It was before 4am (because I heard it chime 4), when Kate woke up and started to cry. She probably had a dream, or she probably is in pain from her teething (I’ve spied whiteness in her gums around the molars) but whatever the case, my unhappy baby woke up. When this happened before, I’ll immediately stuff the pacifier into her mouth and she’ll go back to sleep feeling comforted. However, now that my baby is no longer reliant on the pacifier (YAY! *throws confetti); I have to let her crawl over me, literally.

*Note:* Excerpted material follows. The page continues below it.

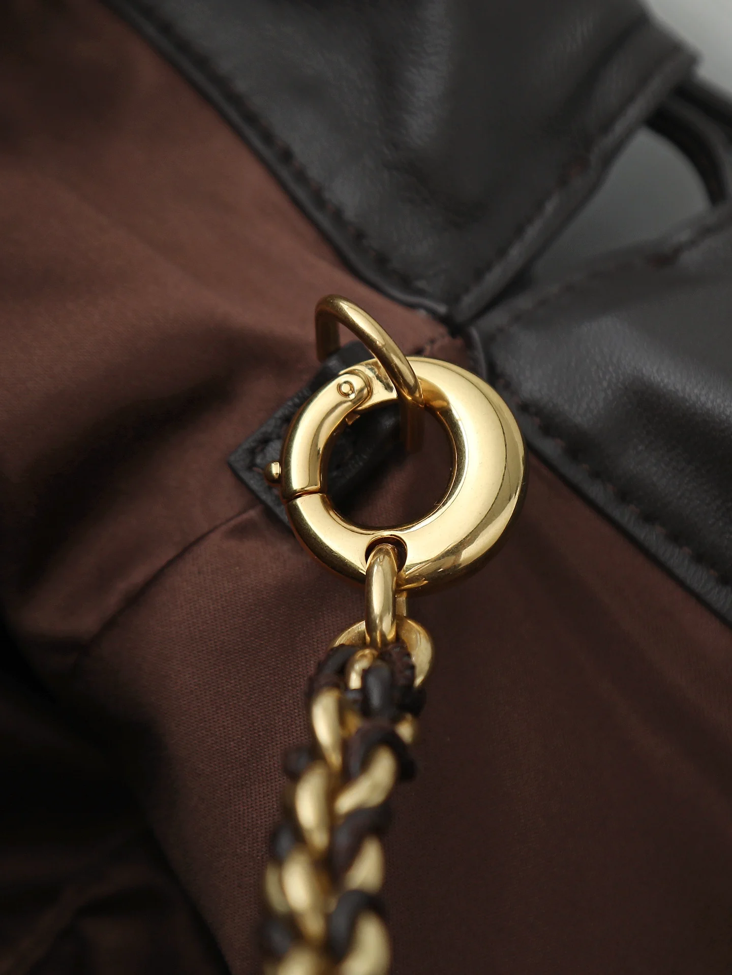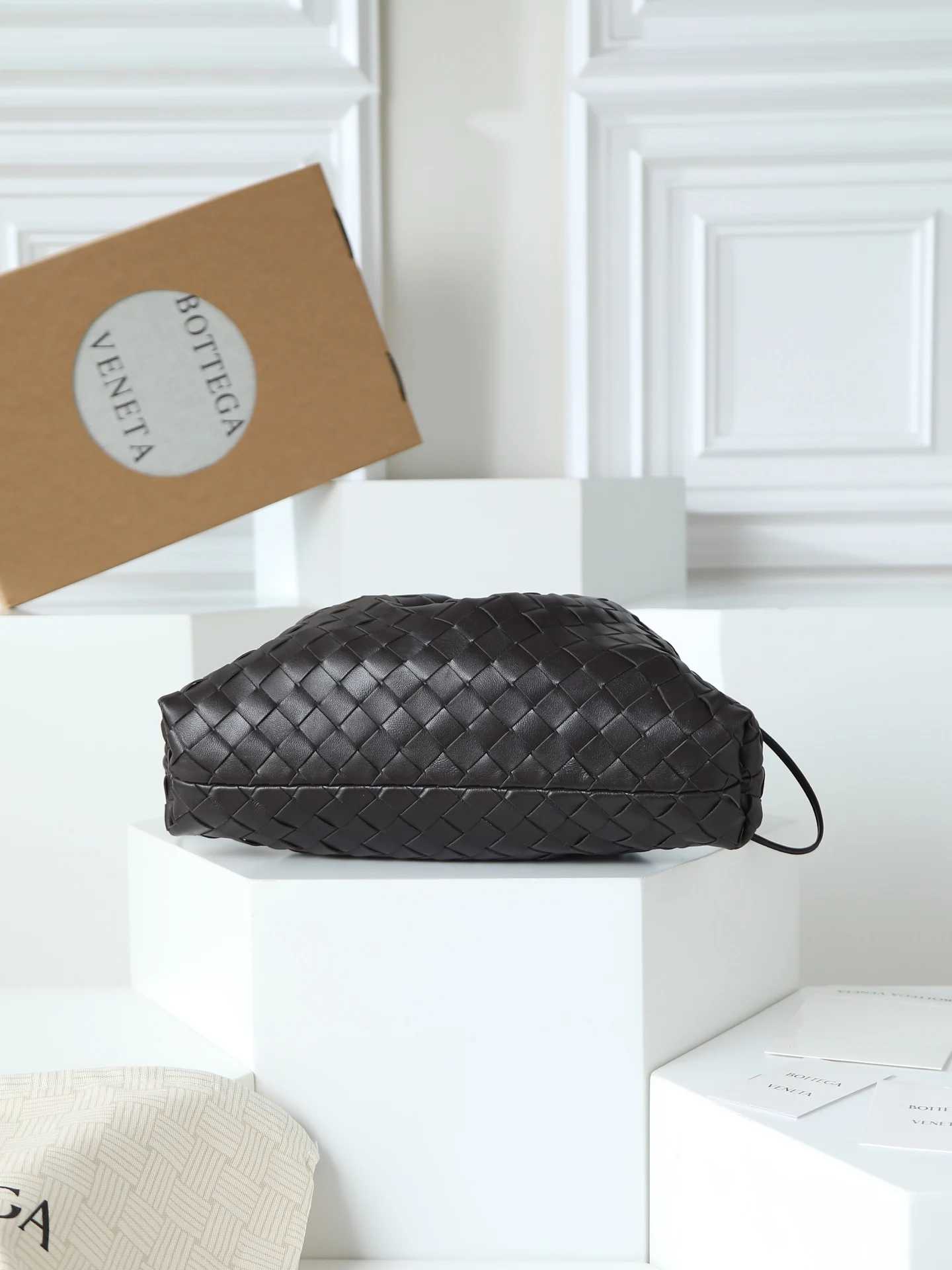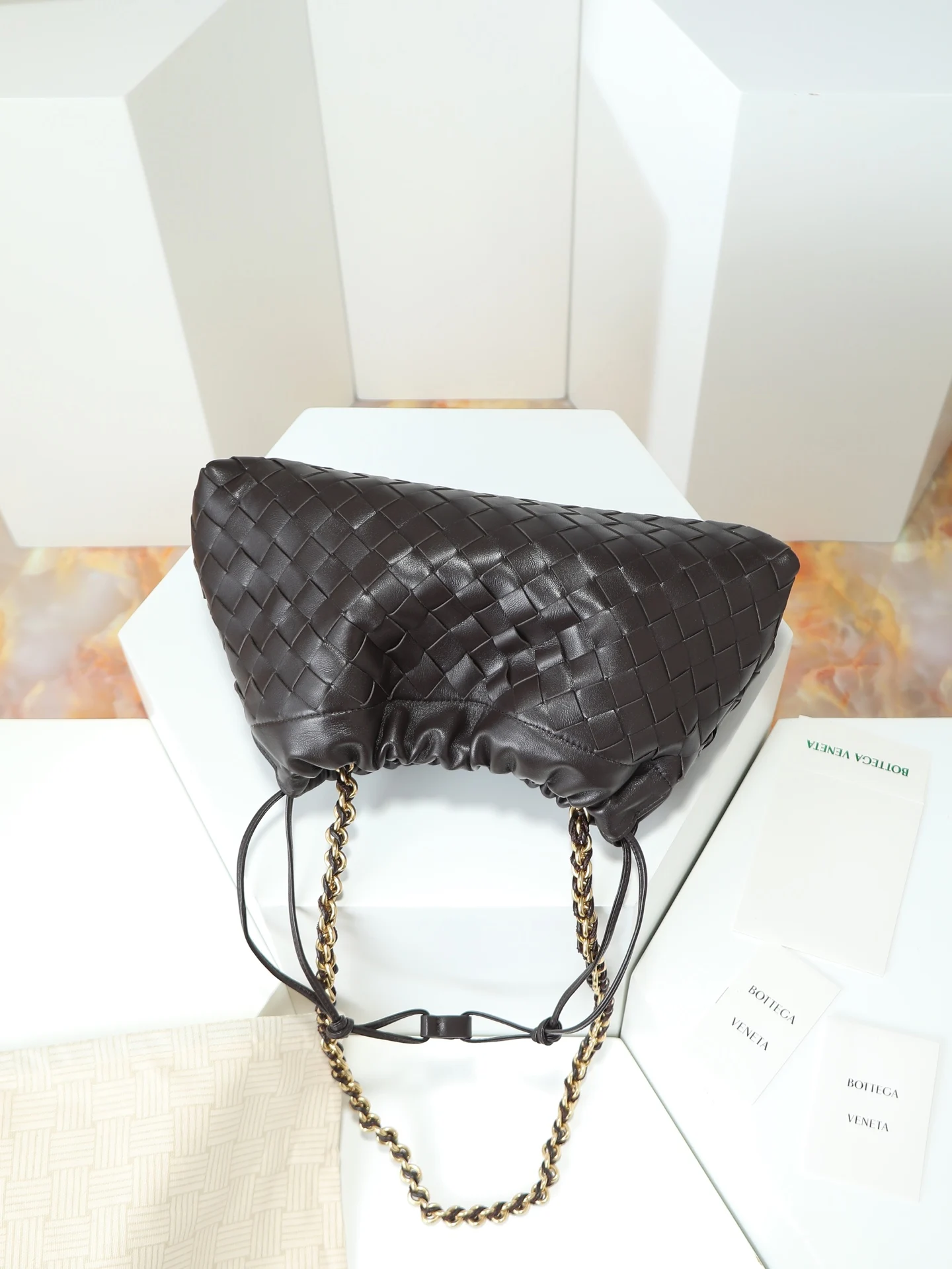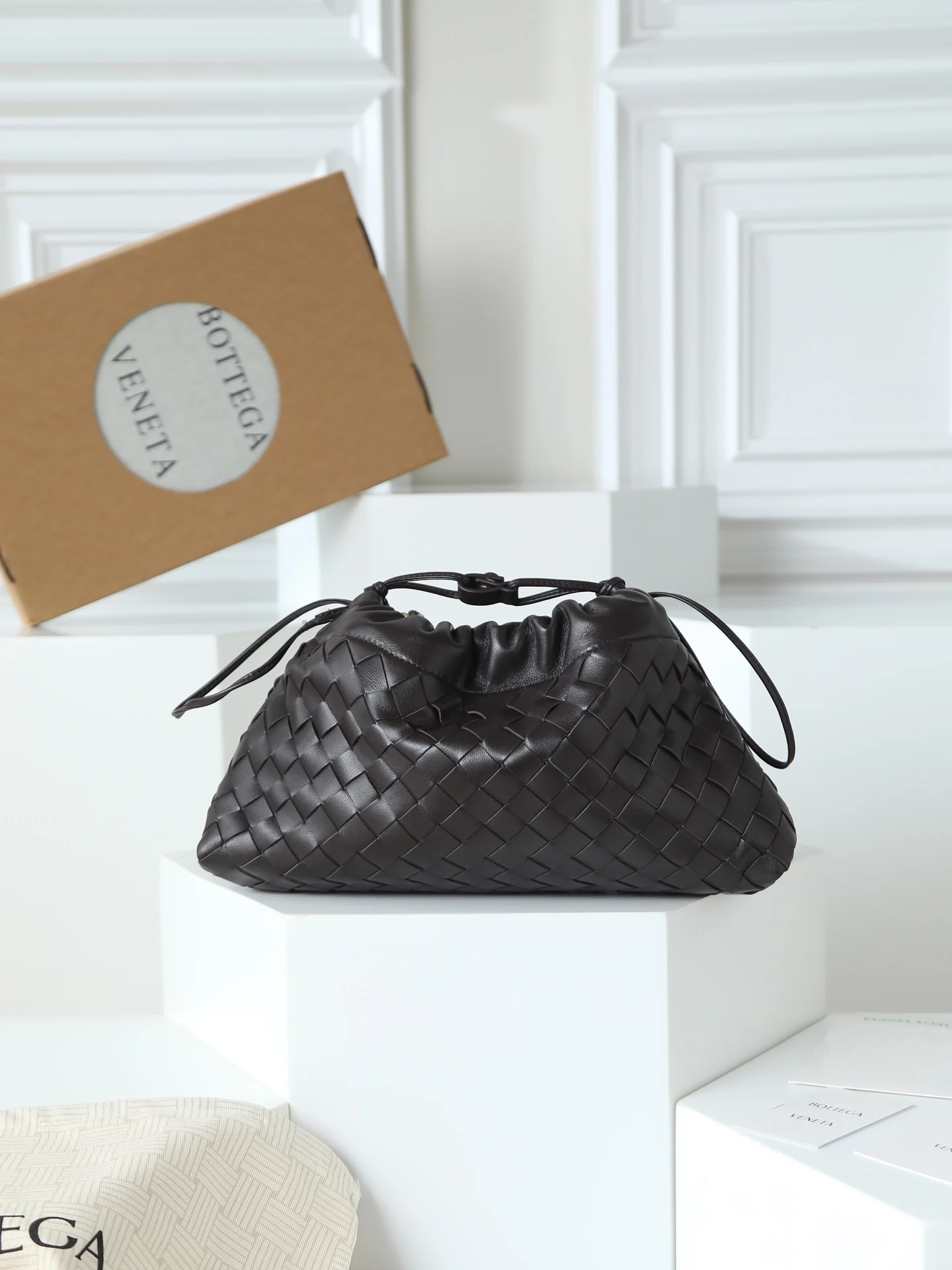 BOTTEGA VENETA 2025新品女士Dustbag Notte手拿包 一经上市就很受欢迎的Dustbag出了链条款 手拿式背法让人回忆起经典包型Pouch 轻盈优雅 保留的抽绳设计可以让作为去使用 链条较长一些 很适合喜欢解放双手斜挎背的姐妹们 不论是哪种背法 都可以依据场合和当日的心情更换背法可以让整体穿搭更添时尚感 在包身上也做了加宽 正逢梅雨季节 天气炎热 内可以轻松容纳小型雨伞和水杯 内里是尼龙材质 背起来轻巧舒适 非常适合夏季使用

She has a habit of coming to lie on my tummy to play with my bellybutton, or she’ll put her head very close to mine (knocking me, really) and she’ll pretty much doze off after she tires. I usually brace myself cos I never know how hard she’ll lie on me, my hip bone, my collar bone or my skull. It hurts me, as well as her when she’s over-zealous, but generally, I rather enjoy the intimacy and how she very much prefers to have me sleep with her. She even has a habit of "requesting" for me to sleep with her by patting the bed and calling "Mama" *beams

So last night, we were both up until past 5 (I heard it chime 5!) and we both fell asleep after I’d switched off the air-conditioning (it was still very cool). I'm not sure what time I finally slept but I had a headache when my alarm rang at 7am. It was another day and we all had to wake up to do what we had to do (some have it easier where she basically just eats, sleeps and makes merry) so up I got and ploughed myself through the motion to get to work.

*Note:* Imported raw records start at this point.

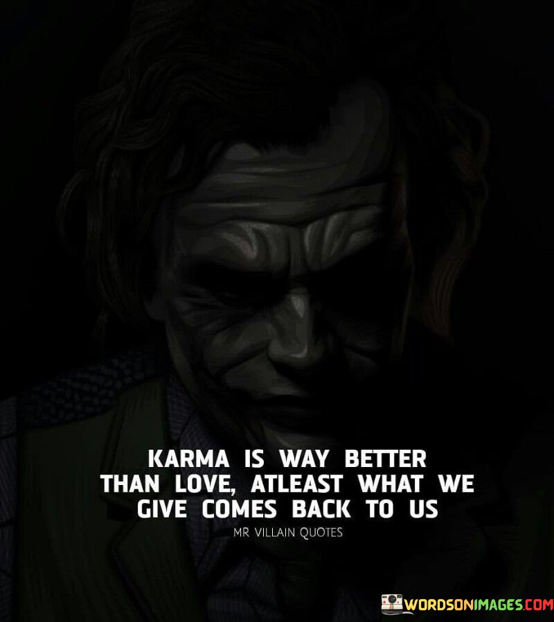 The quote compares karma and love in terms of reciprocity. It suggests that karma, the law of cause and effect, is superior to love because it ensures that what we give eventually returns to us. This perspective highlights the inherent fairness and balance in the concept of karma.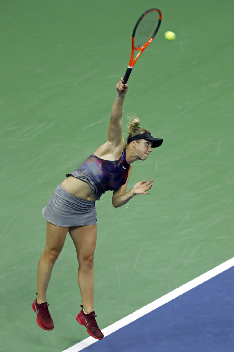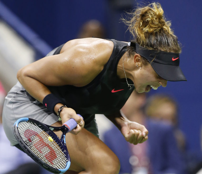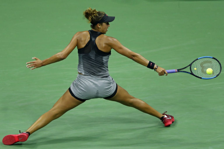 Americká tenistka Madison Keysová počas osemfinálového zápasu US Open, v ktorom zdolala Ukrajinku Elinu Svitolinovú 7:6 (2), 1:6, 6:4. New York, 4. september 2017. Foto: SITA/AP.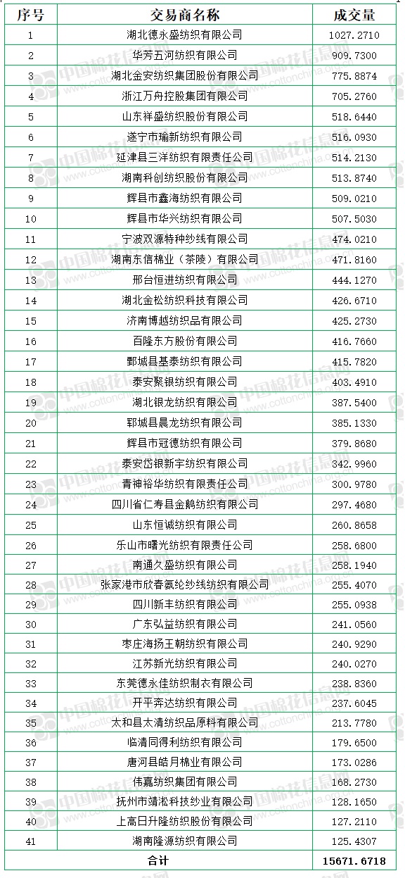 10月11日儲備棉銷售資源20001.8538噸,實際成交15671.6718噸,成交率78.35%,成交均價17269元/噸,較前一日下跌169元/噸,折3128價格17807元/噸,較前一日下跌68元/噸。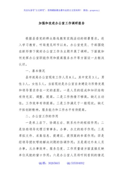 / 加强和改进办公室工作调研报告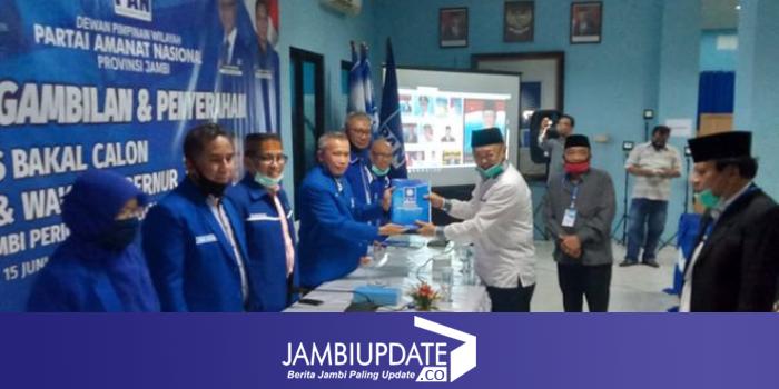 Cek Endra yang tiba didampingi Ketua Tim Pemenangan, Kemas Arsyad Somad, dan tim lainnya langsung disambut Ketua DPW PAN Provinsi Jambi, H. Bakri dan Tim Penjaringan Pilgub PAN Jambi.

Throughout our entire night’s adventures, the husband was out gallivanting on his own adventure with his pals. I received a (half-dead) update from him at 8.30am this morning, where he declared to me that he was “alive and had survived” the torturous night, I’m assuming. He’d gone out before Kate slept and was fighting his own (drunken) battle with his friends.

All in all, it's been a busy night for us 3.